[Records drawn from a dataset]
<<<<

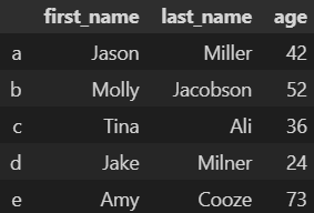 import pandas as pd raw_data = {'first_name': ['Jason', 'Molly', 'Tina', 'Jake', 'Amy'], 'last_name': ['Miller', 'Jacobson', 'Ali', 'Milner', 'Cooze'], 'age': [42, 52, 36, 24, 73]} df = pd.DataFrame(raw_data, index=['a', 'b', 'c', 'd', 'e']) df["a"]
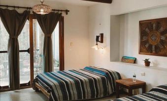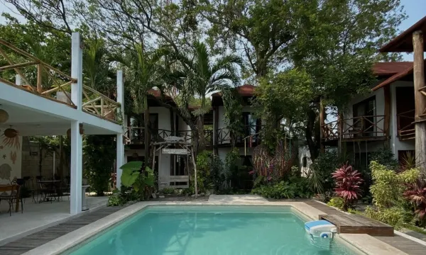 Lovely setting of 12 rooms around a decent sized pool and covered table areas with a cafe. Rooms are generously sized with comfortable beds. AC worked really well but not needed during the day as fan and cross ventilation was enough. Plenty of hot water in the large shower. Importantly it had screens over the windows and doors going to the terrace or balcony. A class act. Good food at Don Guillermo resteraunt on the beach to the left of the tourist pier. Street has a galleon ship at its start. Very chill relaxed place but closes up early.
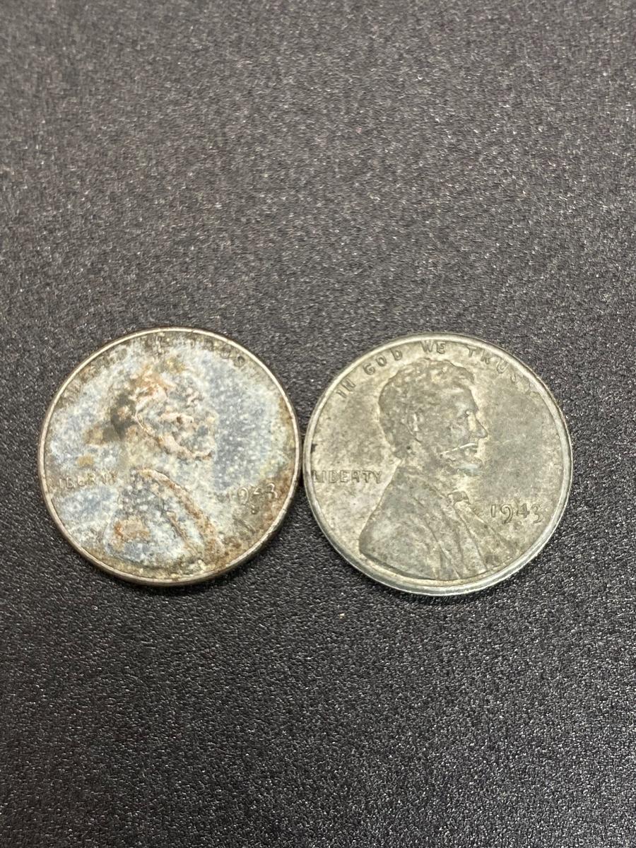 Vintage Pair of 1943 Steel Lincoln Pennies US Coins
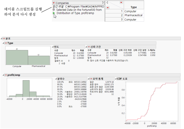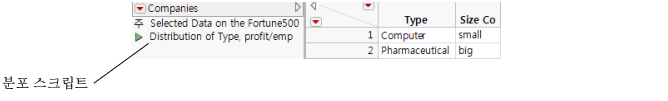 이 분석을 저장하려면 분포의 빨간색 삼각형 메뉴에서 스크립트 저장 > 데이터 테이블에를 선택합니다. 테이블 패널에 새 스크립트가 나타납니다.
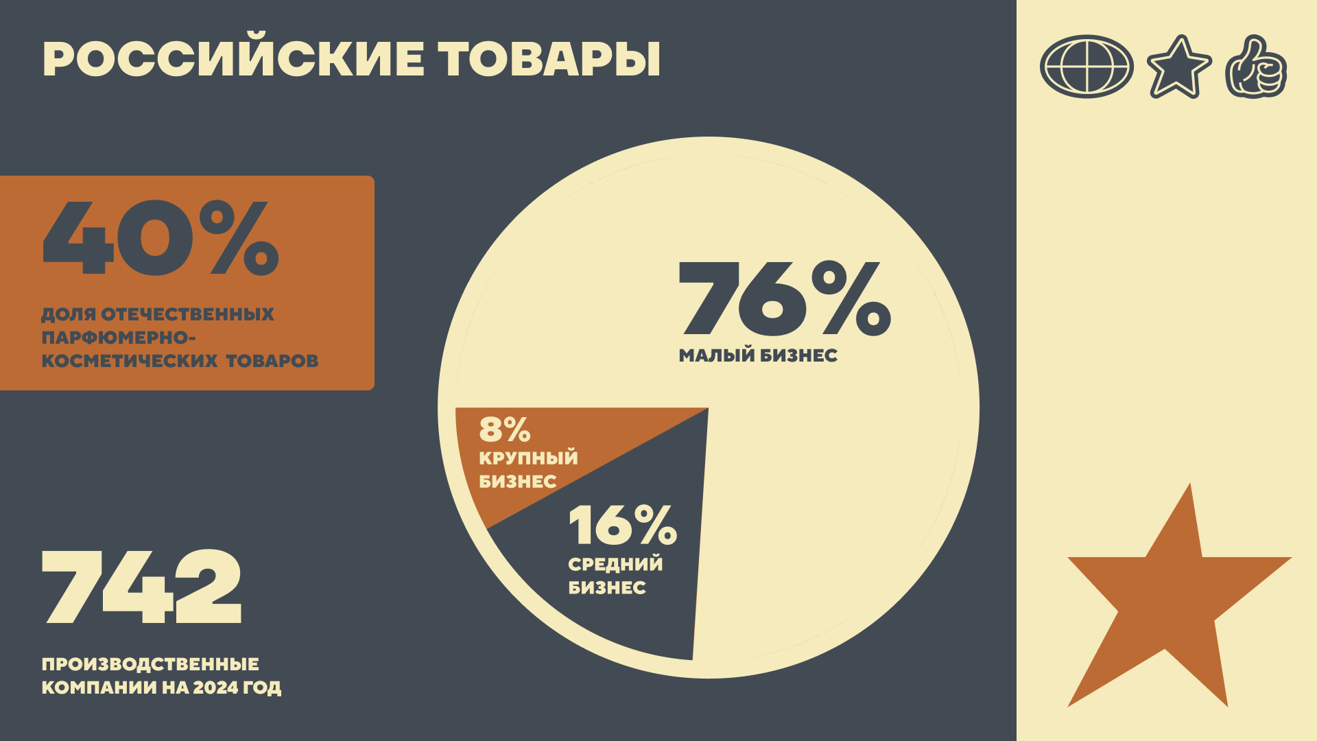 Как говорит Анна Дычева-Смирнова, сейчас на российском рынке доля отечественных парфюмерно-косметических товаров превысила 40%. На 2024 год в отрасли работали 742 производственные компании: 76% — это малый бизнес, 16% — средний и 8%— крупные компании.
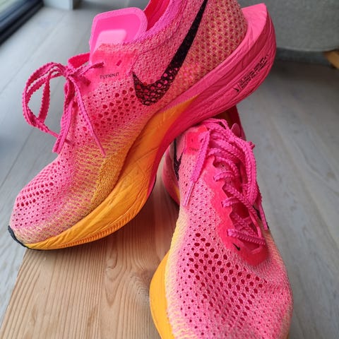 Nike løpesko i størrelse 46, designet for løping. Skoene har en fargekombinasjon av rosa og oransje med svart logo. Materialet består av pustende mesh for ventilasjon.
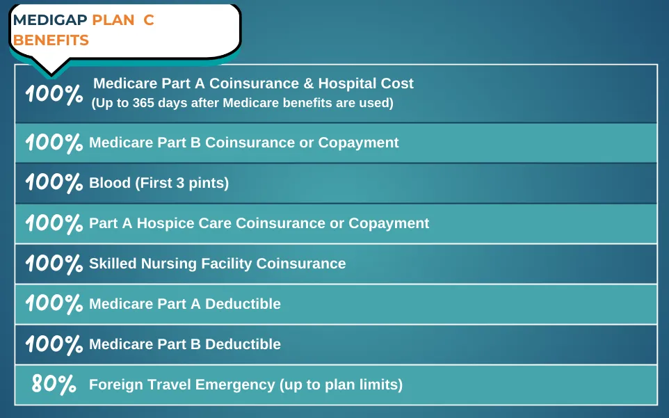 Medigap Plan C covers almost all costs except Part B excess charges. If you live in a state that bans these charges, this won’t matter. It also provides first-dollar coverage, meaning no deductible is needed.
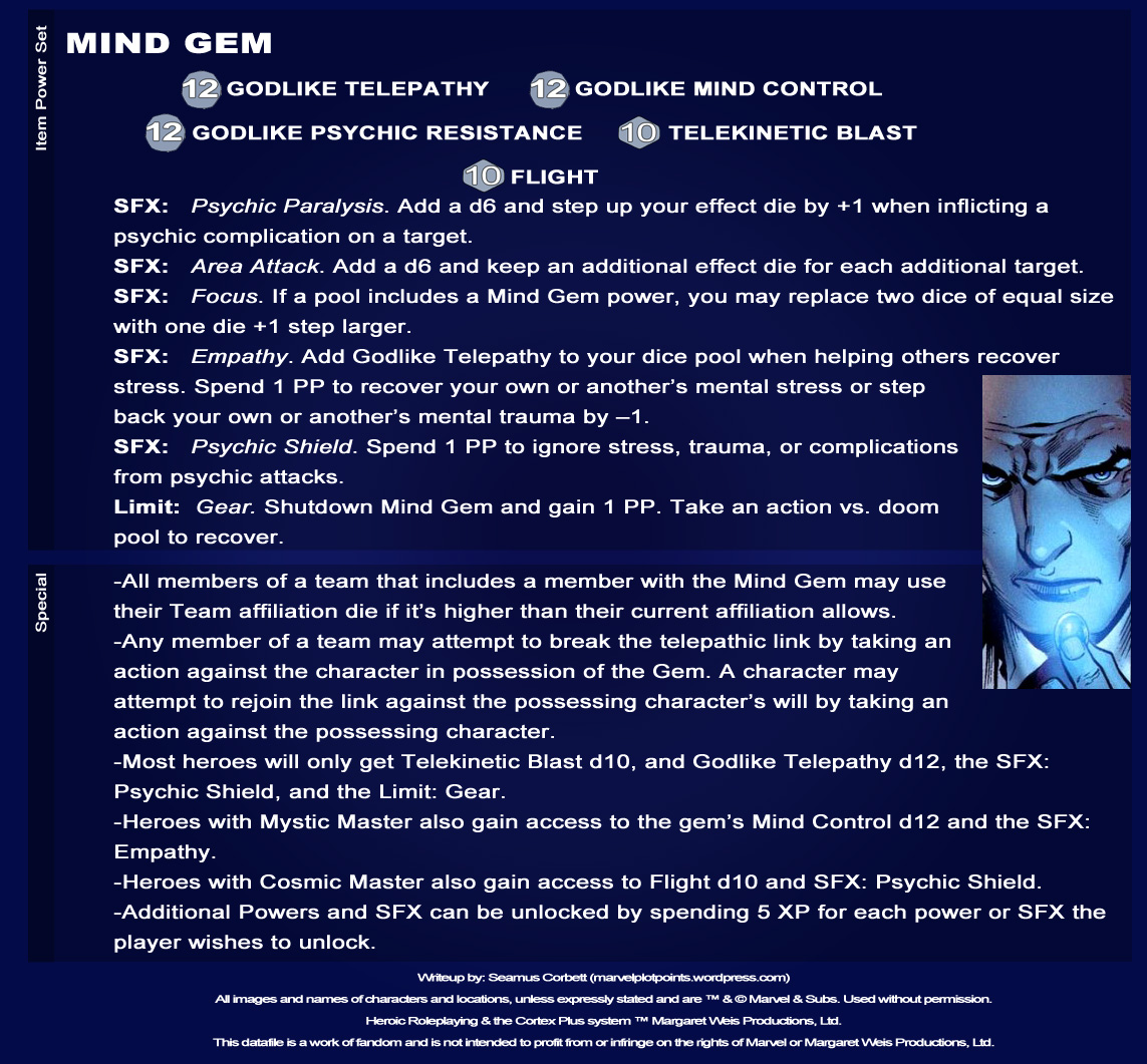 When we do the Gauntlet, we’re going to create a separate set for that item so that the idea will be not to use them all individually, but as one item. The design here also assumes that the character wielding the Mind Gem (and, going forward, the others) can handle the immense power it contains, hence the Specialty requirements. For anyone that happens to have the Civil War book, it’s a play on Mjolnir (“If he be worthy,” and all).

>>>>

Exercise details:
Please reproduce the entries above line by line, exactly, leaving out each image.

Output for this task:
 import pandas as pd raw_data = {'first_name': ['Jason', 'Molly', 'Tina', 'Jake', 'Amy'], 'last_name': ['Miller', 'Jacobson', 'Ali', 'Milner', 'Cooze'], 'age': [42, 52, 36, 24, 73]} df = pd.DataFrame(raw_data, index=['a', 'b', 'c', 'd', 'e']) df["a"]
 Lovely setting of 12 rooms around a decent sized pool and covered table areas with a cafe. Rooms are generously sized with comfortable beds. AC worked really well but not needed during the day as fan and cross ventilation was enough. Plenty of hot water in the large shower. Importantly it had screens over the windows and doors going to the terrace or balcony. A class act. Good food at Don Guillermo resteraunt on the beach to the left of the tourist pier. Street has a galleon ship at its start. Very chill relaxed place but closes up early.
 Vintage Pair of 1943 Steel Lincoln Pennies US Coins
 이 분석을 저장하려면 분포의 빨간색 삼각형 메뉴에서 스크립트 저장 > 데이터 테이블에를 선택합니다. 테이블 패널에 새 스크립트가 나타납니다.
 Как говорит Анна Дычева-Смирнова, сейчас на российском рынке доля отечественных парфюмерно-косметических товаров превысила 40%. На 2024 год в отрасли работали 742 производственные компании: 76% — это малый бизнес, 16% — средний и 8%— крупные компании.
 Nike løpesko i størrelse 46, designet for løping. Skoene har en fargekombinasjon av rosa og oransje med svart logo. Materialet består av pustende mesh for ventilasjon.
 Medigap Plan C covers almost all costs except Part B excess charges. If you live in a state that bans these charges, this won’t matter. It also provides first-dollar coverage, meaning no deductible is needed.
 When we do the Gauntlet, we’re going to create a separate set for that item so that the idea will be not to use them all individually, but as one item. The design here also assumes that the character wielding the Mind Gem (and, going forward, the others) can handle the immense power it contains, hence the Specialty requirements. For anyone that happens to have the Civil War book, it’s a play on Mjolnir (“If he be worthy,” and all).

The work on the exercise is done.